Ora, “não mais que de repente” funciona perfeitamente bem em poesia, mas na vida, na realidade da vida, não é bem assim. Tudo vai acontecendo aos poucos, dia após dia, hora após hora, minuto após minuto... A primeira ruga, os primeiros fios de cabelos brancos, uns quilinhos a mais que ficam difíceis de serem eliminados, uma dorzinha aqui, outra ali, a necessidade mais constante da troca das lentes dos óculos... Mas vai tão lentamente que nem notamos ou, pelo menos eu, nem notei. Só sei que um dia, ao ver minha imagem refletida no espelho do banheiro, fiquei perplexa. Como não havia percebido antes? Como não havia notado as mudanças desenhadas em mim pelo tempo? Ah, tão ocupada estivera em viver (GRAÇAS A DEUS!!!), que fui passando por ele sem que me desse conta dos estragos que ia fazendo em mim.

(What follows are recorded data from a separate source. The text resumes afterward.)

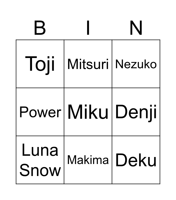 This bingo card has a free space and 8 words: Denji, Nezuko, Mitsuri, Luna Snow, Toji, Deku, Power and Makima.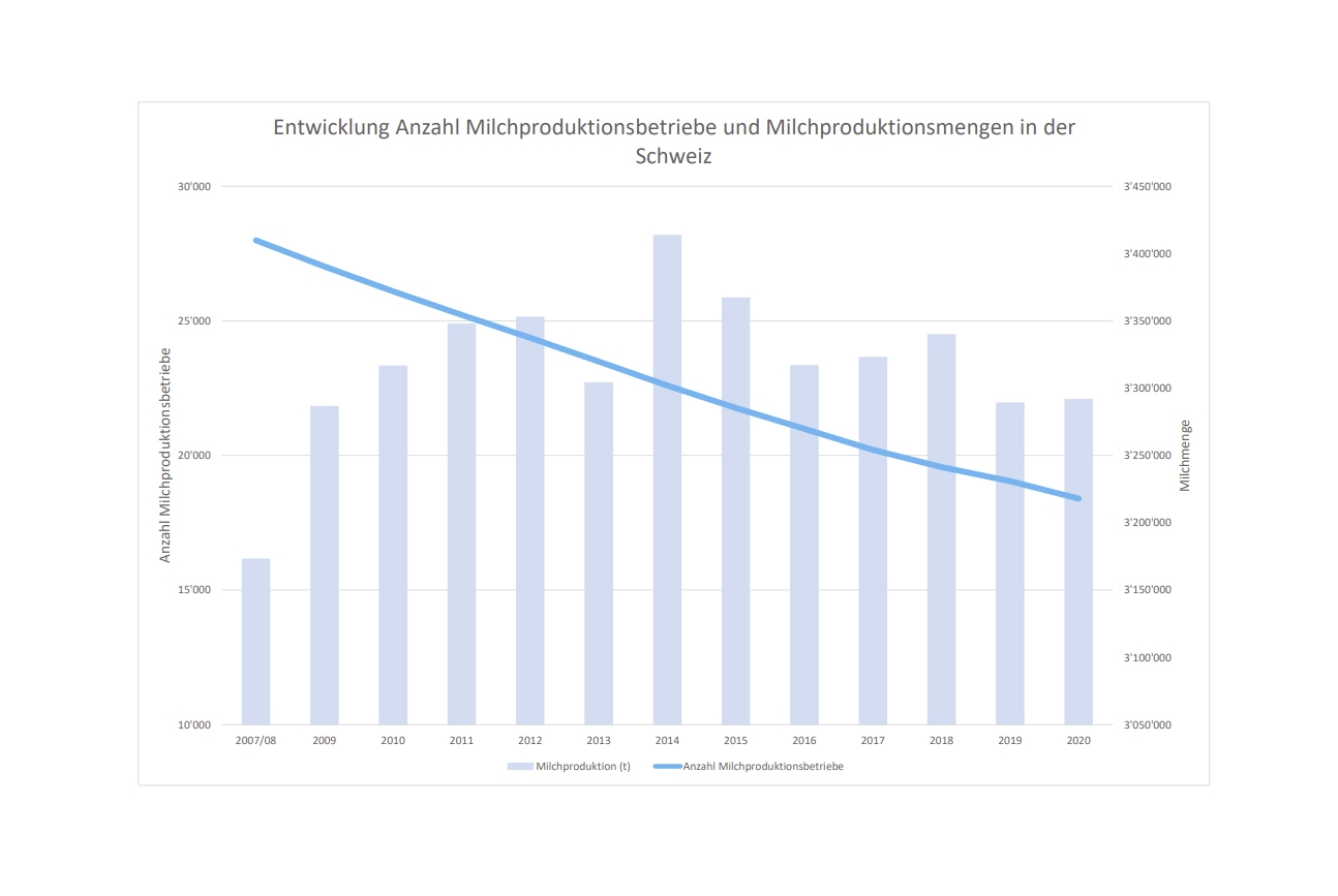 Die tiefen Preise, insbesondere für Molkereimilch, führen im Sektor seit Jahren zu Umwälzungen. Obwohl 2020 die Produzentenpreise leicht gestiegen sind, ist die Produktion für viele Betriebe nicht kostendeckend.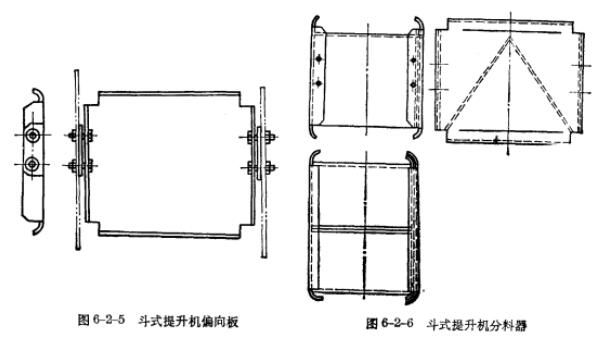 为了限制牵引构件在提升高度较大时产生过大的横向摆动,以及料斗在输送和卸料中返流回的物料不致掉落在张紧滚筒上,在中间机売内还应装置专门作导向用的偏向板和使物料分流至机壳两侧的分料器。它们的结构分别如图62-5和图6-2-6所示。由于分料器的外形和结构与偏向板类似,所以,分料器也同时具有限制牵引构件横向摆动的作用。斗式提升机高度和与其对应的偏向板的数量,可见斗式提升机成套表。显然,为了防止牵引构件左右两分支的摆动,偏向板都是成对使用的,如图6-2-1所示。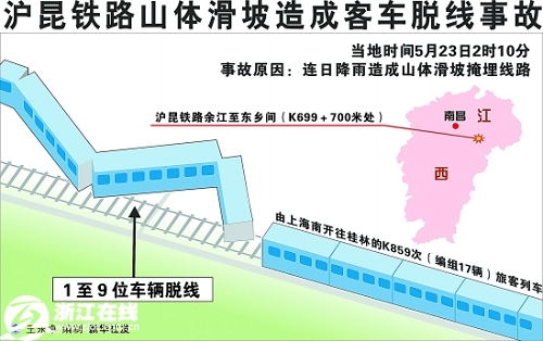 23日2时10分,因连日降雨造成山体滑坡掩埋线路,由上海南开往桂林的K859次(编组17辆)旅客列车,运行至江西省境内沪昆铁路余江至东乡间(K699+700米处),发生脱线事故,机车及机后第1至9位车辆脱线,中断上下行线路行车。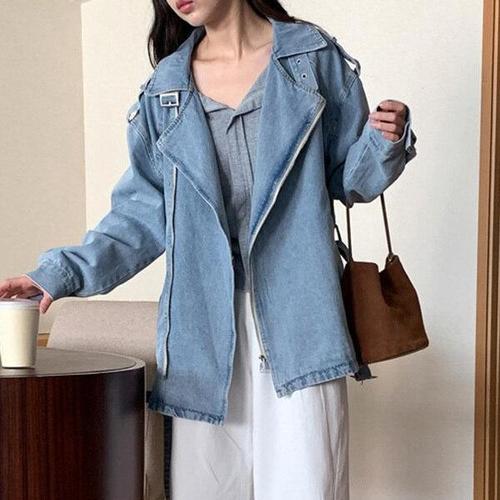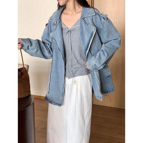 [탑온탑]오베르 소프트 워싱 오버사이즈 벨티드 데님 라이더 자켓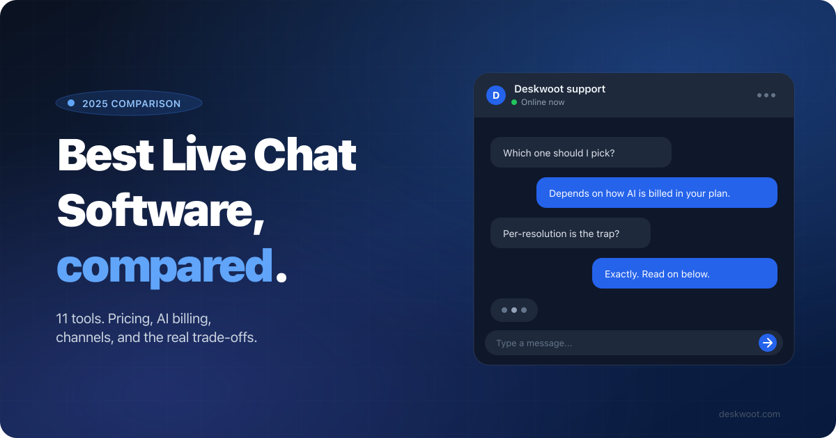 An honest side-by-side comparison of 11 live chat tools: pricing, AI billing, channels, and who each one is actually a good fit for. We built Deskwoot, so we benchmark against everyone on this list.
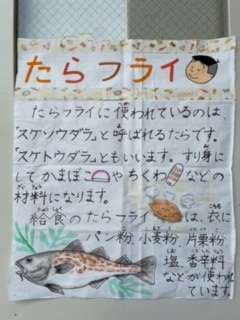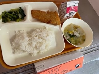 2月6日(月)、今日の給食は「たらフライ・すまし汁・こまつなのごまあえ・ごはん・牛乳」です。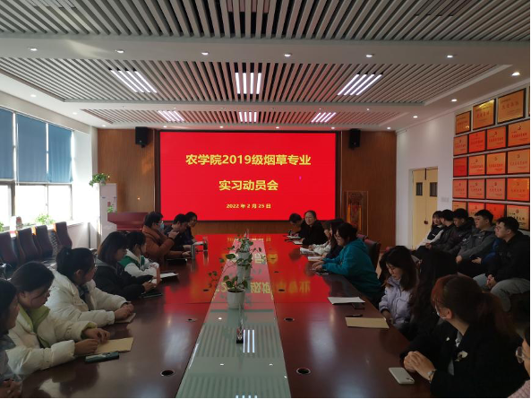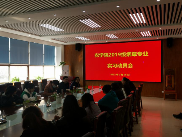2月25日,beat365正版唯一官方网站在生物楼召开2019级烟草专业毕业实习动员会。学院党总支书记马伟萍、副院长张恩盈、团委书记石勇、烟草专业负责人李玲燕、烟草外聘教研室主任郭新梅、孙青老师和2018级优秀实习生代表张紫琪、赵泮真及烟草2019级全体学生参加了此次动员会,会议由李玲燕主持。

Confesso que, a princípio, aquilo me incomodou, sim, mas também me fez parar para pensar o quanto aquele caminhar tinha sido generoso, o quanto a vida me oferecera, o quanto eu tinha a agradecer. Afinal, cada ruguinha, cada sulco, cada pedacinho de pele menos sedosa, cada fiozinho de cabelo branco, havia sido trocado por um momento, por um sorriso, por um afeto, por uma lágrima, nem sempre de tristeza, por sentimentos, amizades, amores, todos partilhados e compartilhados ao longo da vida... E fiquei tão orgulhosa de meu rosto assim, envelhecido, mas sereno, marcado pelo tempo, desenhado pela vida!... Olho para trás e vejo um longo caminhar. Olho para mim e vejo uma vida inteira de amor. Olho para o futuro e vejo ainda a esperança dentro de mim... E que venham novas rugas, e que venham outros sulcos, que venham as dores próprias deixadas pelo tempo, pois tenho conseguido agüentar... rs... Porque o bom, mas o bom mesmo, é viver cada minuto, cercada ainda de sonhos, inveterada sonhadora que sou, romântica incorrigível que sempre serei...
Filhos e netos muito amados que se preparem... Vou comprar meu chapeuzinho roxo, muito antes dos oitenta anos, para saracotear ao sabor do tempo... Enquanto Deus assim o permitir.